2- Não prevendo o CPP, nº art. 113º, n. 1 e n. 2, aplicável "ex vi. do art. 41°, 1 da LQCO, qualquer formalidade que imponha ou admita o envio de notificações sob aviso de recepção e contemple as consequências em matéria de presunção de notificação decorrentes dessa formalidade deve a mesma ser considerada formalmente inexistente e incapaz de afastar a presunção consignada no art. 113°, 2 do CPP;
3- As notificações feitas no âmbito do processo de contra-ordenações e após proferida a decisão que aplica uma coima, regem-se pelas regras do CPP com ressalva das que em contrário disponha a LQCO (corno é o caso do art. 60º, 1), por força do art. 41º da LQC0, sendo assim de considerar que se suspendem em férias judiciais para impugnação que decorram nesse período (arts. 103º e 104° do CPP, ut do art. 41º, 1 da LQCO);
4- Ainda que assim se não entendesse sempre haveria que considerar como termo do prazo para a impugnação judicial o dia 21.Dez.2005, já que a notificação contendo a decisão presume-se feita, de harmonia com o art. 113º,nº2 do CPP, no terceiro dia útil posterior ao do respectivo envio. Ora, o mandatário do arguido só foi notificado da decisão administrativa no dia 21.Dez.05, o que aliás se presume, visto que a carta foi expedida, sob registo, no dia 16.Dez.05, sexta-feira, sendo aquele o terceiro dia útil posterior;
5- O CPP é claro quando estabelece a presunção de notificação no terceiro dia útil posterior ao do envio (art. 113°, n. 2 do CPP), uma redacção diferente da que o legislador usou no n. 4 do mesmo preceito (aí opta-se pelo 5° dia posterior) e no art. 254º, n. 3 do CPC. O elemento literal não deixa dúvidas e, para lá do mais, desde logo porque o elemento ordinal 3° dia útil só faz sentido se houver um primeiro e um segundo dia útil. O intérprete deve presumir, de acordo com o art. 9°, nº 3 do CC, que o legislador "soube exprimir o seu pensamento em termos, adequados";
6.Atento o estatuído no art. 59°, n. 3 do DL 433/82, o prazo de 20 dias conta-se após o conhecimento pelo arguido da aplicação da coima. No caso esse conhecimento reporta-se ao mandatário do arguido (art., 47°, n, 2 e 4 da LQCO) e este teve-o, como aliás se presume (sublinha-se) por força do art. 113°, n, 2 do CPP, apenas no dia 21.Dez.2005;
7.A decisão proferida pelo tribunal "a quo" viola assim os arts. 41º, 47º, 2 e 4, 59°,3 e 60º, 1 da LQCO e ainda o art.113°, 2 do CPP;
8- Os arts. 41°, 1 da LQCO e 103°, 104º e 113°, 2 do CPP/ quando interpretados no sentido de que não se aplicam à fase processual contra-ordenacional (chamada fase administrativa) e que não se considera a presunção ínsita no art. 113°, 2 do CPP, são Inconstitucionais, por violação dos arts. 13°, 20°, 290 E! 320, nºs. 1, 9 e 10 da C. Rep. Portuguesa;
9 - A impugnação apresentada no dia 17 Jan.2006 não está fora de prazo, se aquelas normas jurídicas forem interpretadas como se propugna, no sentido de que é aplicável ao processo contra-ordenacional a suspensão na contagem de prazos durante o período de férias judiciais e, subsidiariamente, que é irrelevante a circunstância do envio de uma notificação sob aviso de recepção, prevalecendo a regra de envio sob registo e valendo a presunção da notificação no terceiro dia útil posterior no caso, o dia 21.Dez.2006.”
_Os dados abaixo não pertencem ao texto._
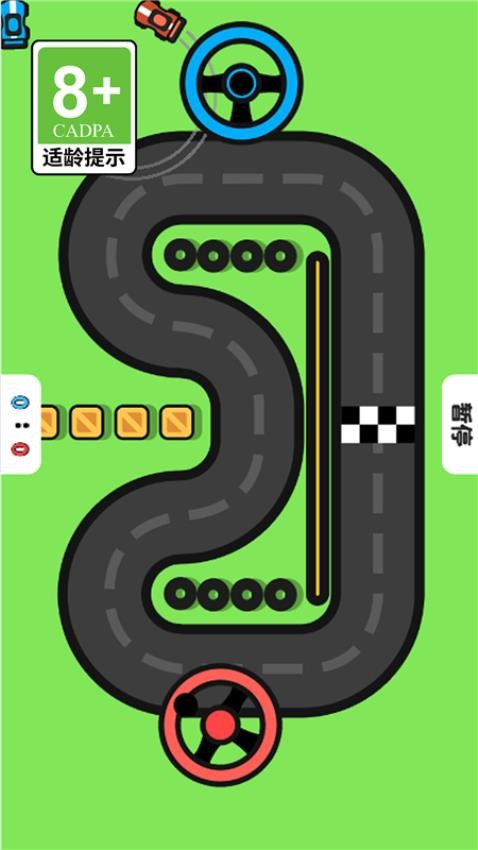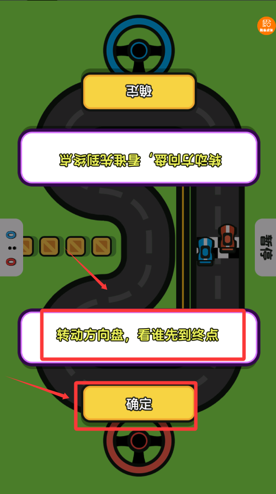 4、操作方向盘前进方向,看谁到终点,按一下确定按钮开始游戏。

Na resposta produzida pelo digno agente do Ministério Público, junto do tribunal a quo, considerou-se relevante destacar o que a seguir se extracta:
“- O Tribunal a quo considerou que a arguida foi notificada em 19.12.200, data em que foi assinado pelo mandatário daquela, o aviso de recepção do ofício de notificação enviado pelo ICS – cfr. fls. 213 - pelo que, em 17.01.2006, data da apresentação do recurso, já havia decorrido o prazo de 20 dias previsto no artigo 59°, nº 3 do Decreto-Lei nº 433/82, de 27.10, que terminara a 16.01.2006, não havendo lugar à aplicação do disposto no artigo 145°, nºs 5 e 6 do Código de Processo Civil;
- A recorrente entende, pelos argumentos ora aduzidos na motivação de recurso, que, à data da apresentação do recurso, ainda decorria o prazo de 20 dias, dado que:
- Tal prazo se suspendeu durante o decurso das férias judiciais;
- Ainda que assim não se entendesse, a data da notificação seria a de 21.12.2005, por ser esse, o 3° dia útil posterior ao do envio, que ocorreu em 16.12.2006;
- A data da assinatura do aviso de recepção não tem qualquer relevância, não só porque não tal assinatura não efectuada pelo mandatário da arguida, mas também porque a notificação não pode ser efectuada por via postal com aviso de recepção, mas antes por via postal registada, nos termos do artigo 113°, nº 1, al. a) e 2 do Código de Processo Penal, pelo que a notificação sempre teria ocorrido no 3° dia útil posterior ao do envio.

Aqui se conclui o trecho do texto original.